··· DATASET RECORDS

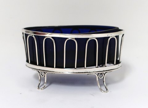 Dänische Arbeit. Kristallschale mit gehämmertem Silberdeckel (830). Durchmesser 16,5 cm. Höhe 14 cm. Produziert 1919.
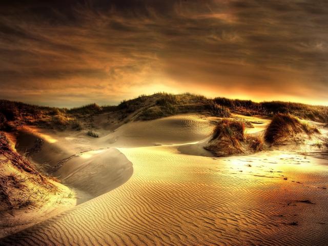 Обои Волнистый песок под красивым небом на закате
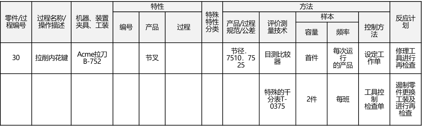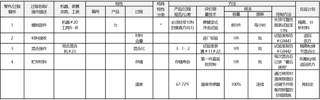 反应计划可包含但不限于遏制、调查、记录(好的和/或坏的事项)、调整、通知班组长、标识、隔离、返工/返修、报废、100%检验等。
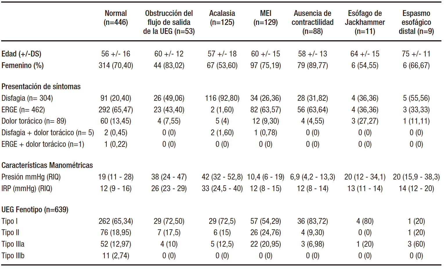 Observamos que 53 pacientes tuvieron obstrucción del flujo de salida del UGE, 125 acalasia, 129 MEI, 88 ausencia de contractilidad, 11 esófago de Jackhammer, 9 espasmo esofágico distal y 446 manometría normal. Los perfiles demográficos y sintomáticos de los pacientes sobre la base de los hallazgos de la MARE se describen en la Tabla 2. Los pacientes en el grupo de espasmo esofágico distal fueron los de mayor edad y había más mujeres en el grupo de ausencia de contractilidad.
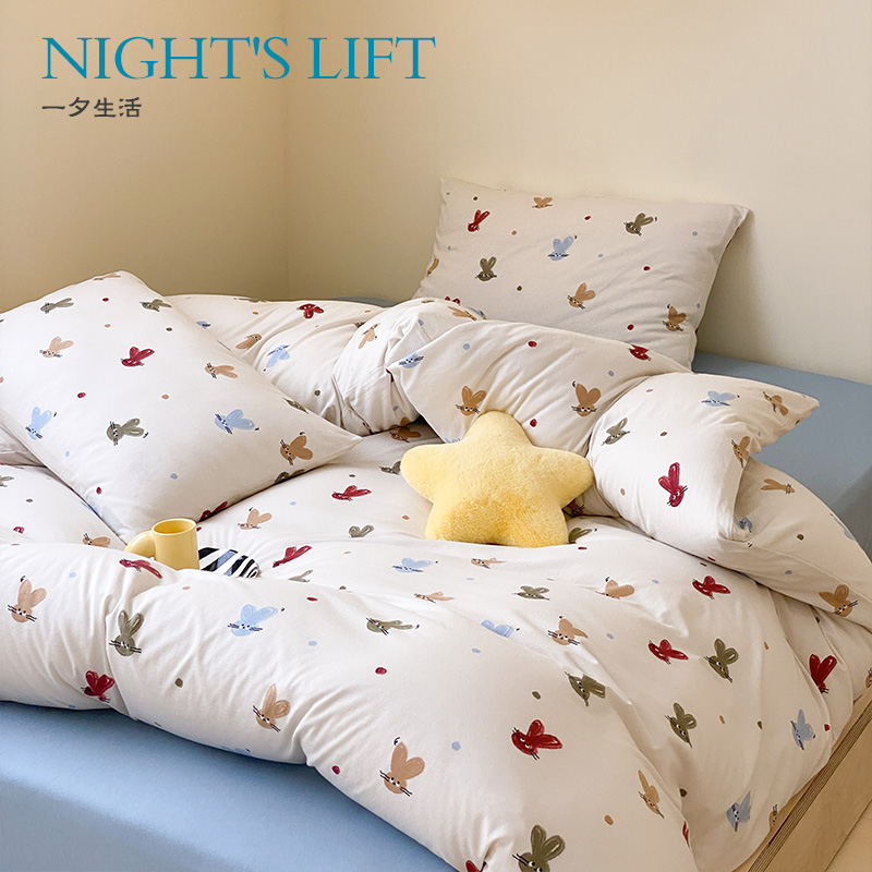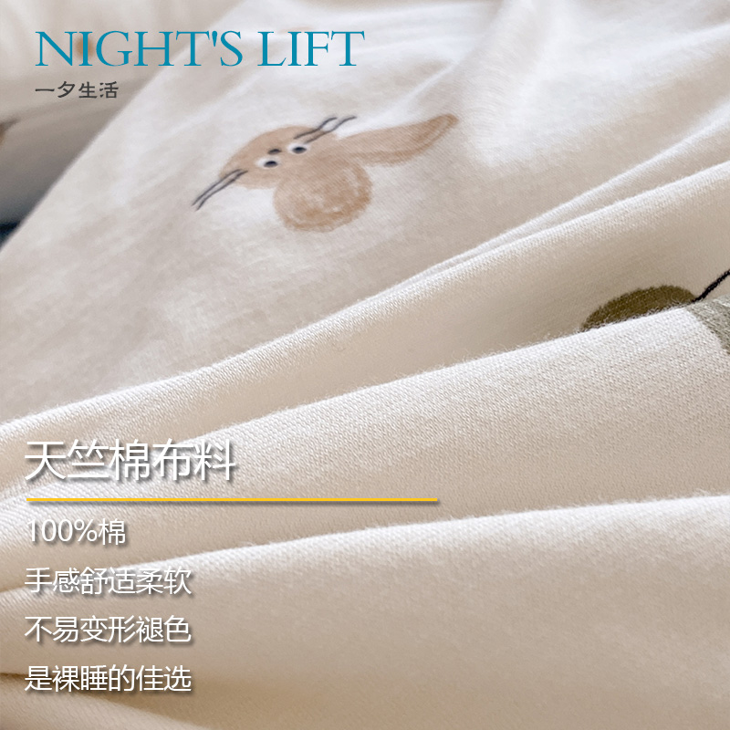 A类母婴级柔软儿童女童卡通天竺棉针织棉四件套床笠床单小兔床品
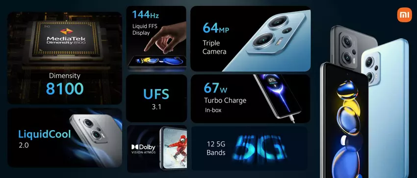 Redmi K50i 5G - Dimensity 8100, 144Hz LCD-Bildschirm, Android 12 und 67W Laden von $325
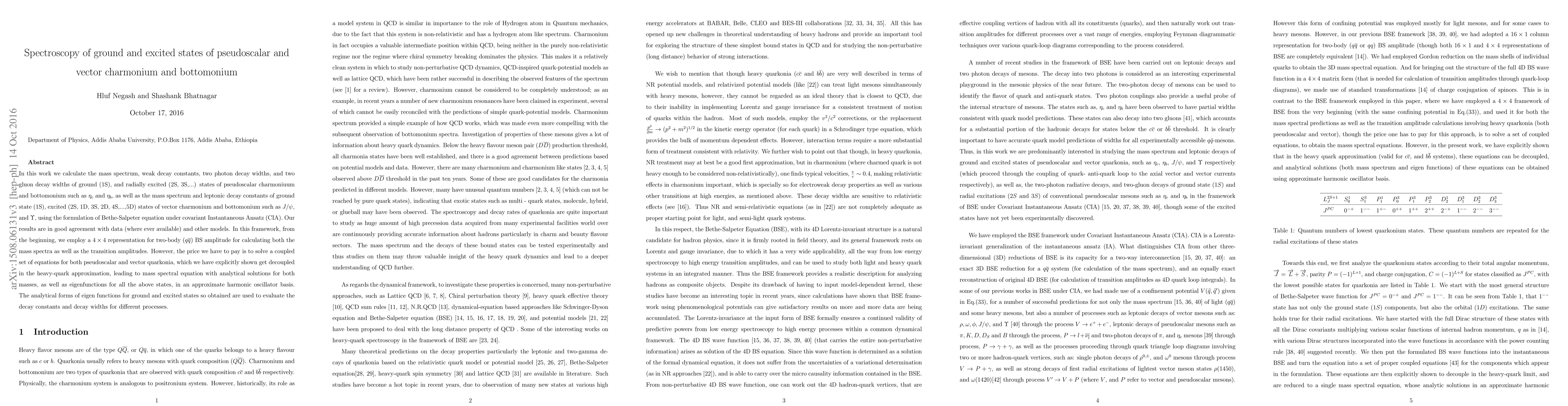 In this work we calculate the mass spectrum, weak decay constants, two photon decay widths, and two gluon decay widths of ground (1S), and radially excited (2S,3S,...) states of pseudoscalar charmoniuum and bottomonium such as $\eta_{c}$ and $\eta_{b}$, as well as the mass spectrum and leptonic decay constants of ground state (1S), excited (2S,1D,3S,2D,4S,and 3D) states of vector charmonium and bottomonium such as $J/\psi$, and $\Upsilon$, using the formulation of Bethe-Salpeter equation under covariant Instantaneous Ansatz (CIA). Our results are in good agreement with data (where ever available) and other models. In this framework, from the beginning, we employ a $4\times 4$ representation for two-body ($q\overline{q}$) BS amplitude for calculating both the mass spectra as well as the transition amplitudes. However, the price we have to pay is to solve a coupled set of equations for both pseudoscalar and vector quarkonia, which we have explicitly shown get decoupled in the heavy-quark approximation, leading to mass spectral equation with analytical solutions for both masses, as well as eigenfunctions for all the above states, in an approximate harmonic oscillator basis. Further, in the present framework of BSE, the hadron-quark vertex function (and the full 4D BS wave function) for pseudoscalar and vector quarkonia used for calculation of various processes, accommodates all the Dirac structures from their complete set in a natural manner.
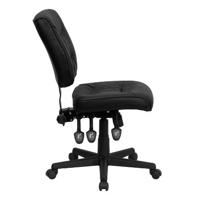 This multi-functional office chair will give you an edge on comfort with its design and adjusting capabilities. This chair features a comfortably padded seat and back with built-in lumbar support for long hour work days. A mid-back office chair offers support to the mid-to-upper back region. This chair is ideal for anyone who does a great deal of typing throughout the day and needs good back support. The locking back angle adjustment lever changes the angle of your torso to reduce disc pressure. The locking synchro tilt control allows the chair’s back and seat to recline at different rates, increasing the angle between your torso and thighs. The waterfall front seat edge removes pressure from the lower legs and improves circulation. Chair easily swivels 360 degrees to get the maximum use of your workspace without strain. The pneumatic adjustment lever will allow you to easily adjust the seat to your desired height.
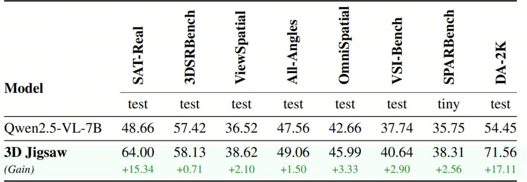 经过3D Jigsaw的训练,模型在各类3D基准任务上都取得了显著提升。最突出的提升出现在与深度估计直接相关的 DA-2K 上,这是深度排序预训练任务的直接体现。但更重要的是,在广泛的其他任务上也观察到了一致的提升,包括单视角基准(如 3DSRBench、OmniSpatial)、多视角基准(如 ViewSpatial、All-Angles),以及第一人称视频基准(如 VSI-Bench)。这些结果表明,该方法不仅让模型掌握了深度排序这一特定技能,同时也有效增强了其整体的三维空间感知与推理能力。

······

**PROBLEM TO WORK ON:** The records above are to be transcribed in full, with images omitted.

**ANSWER BELOW:**
 Dänische Arbeit. Kristallschale mit gehämmertem Silberdeckel (830). Durchmesser 16,5 cm. Höhe 14 cm. Produziert 1919.
 Обои Волнистый песок под красивым небом на закате
 反应计划可包含但不限于遏制、调查、记录(好的和/或坏的事项)、调整、通知班组长、标识、隔离、返工/返修、报废、100%检验等。
 Observamos que 53 pacientes tuvieron obstrucción del flujo de salida del UGE, 125 acalasia, 129 MEI, 88 ausencia de contractilidad, 11 esófago de Jackhammer, 9 espasmo esofágico distal y 446 manometría normal. Los perfiles demográficos y sintomáticos de los pacientes sobre la base de los hallazgos de la MARE se describen en la Tabla 2. Los pacientes en el grupo de espasmo esofágico distal fueron los de mayor edad y había más mujeres en el grupo de ausencia de contractilidad.
 A类母婴级柔软儿童女童卡通天竺棉针织棉四件套床笠床单小兔床品
 Redmi K50i 5G - Dimensity 8100, 144Hz LCD-Bildschirm, Android 12 und 67W Laden von $325
 In this work we calculate the mass spectrum, weak decay constants, two photon decay widths, and two gluon decay widths of ground (1S), and radially excited (2S,3S,...) states of pseudoscalar charmoniuum and bottomonium such as $\eta_{c}$ and $\eta_{b}$, as well as the mass spectrum and leptonic decay constants of ground state (1S), excited (2S,1D,3S,2D,4S,and 3D) states of vector charmonium and bottomonium such as $J/\psi$, and $\Upsilon$, using the formulation of Bethe-Salpeter equation under covariant Instantaneous Ansatz (CIA). Our results are in good agreement with data (where ever available) and other models. In this framework, from the beginning, we employ a $4\times 4$ representation for two-body ($q\overline{q}$) BS amplitude for calculating both the mass spectra as well as the transition amplitudes. However, the price we have to pay is to solve a coupled set of equations for both pseudoscalar and vector quarkonia, which we have explicitly shown get decoupled in the heavy-quark approximation, leading to mass spectral equation with analytical solutions for both masses, as well as eigenfunctions for all the above states, in an approximate harmonic oscillator basis. Further, in the present framework of BSE, the hadron-quark vertex function (and the full 4D BS wave function) for pseudoscalar and vector quarkonia used for calculation of various processes, accommodates all the Dirac structures from their complete set in a natural manner.
 This multi-functional office chair will give you an edge on comfort with its design and adjusting capabilities. This chair features a comfortably padded seat and back with built-in lumbar support for long hour work days. A mid-back office chair offers support to the mid-to-upper back region. This chair is ideal for anyone who does a great deal of typing throughout the day and needs good back support. The locking back angle adjustment lever changes the angle of your torso to reduce disc pressure. The locking synchro tilt control allows the chair’s back and seat to recline at different rates, increasing the angle between your torso and thighs. The waterfall front seat edge removes pressure from the lower legs and improves circulation. Chair easily swivels 360 degrees to get the maximum use of your workspace without strain. The pneumatic adjustment lever will allow you to easily adjust the seat to your desired height.
 经过3D Jigsaw的训练,模型在各类3D基准任务上都取得了显著提升。最突出的提升出现在与深度估计直接相关的 DA-2K 上,这是深度排序预训练任务的直接体现。但更重要的是,在广泛的其他任务上也观察到了一致的提升,包括单视角基准(如 3DSRBench、OmniSpatial)、多视角基准(如 ViewSpatial、All-Angles),以及第一人称视频基准(如 VSI-Bench)。这些结果表明,该方法不仅让模型掌握了深度排序这一特定技能,同时也有效增强了其整体的三维空间感知与推理能力。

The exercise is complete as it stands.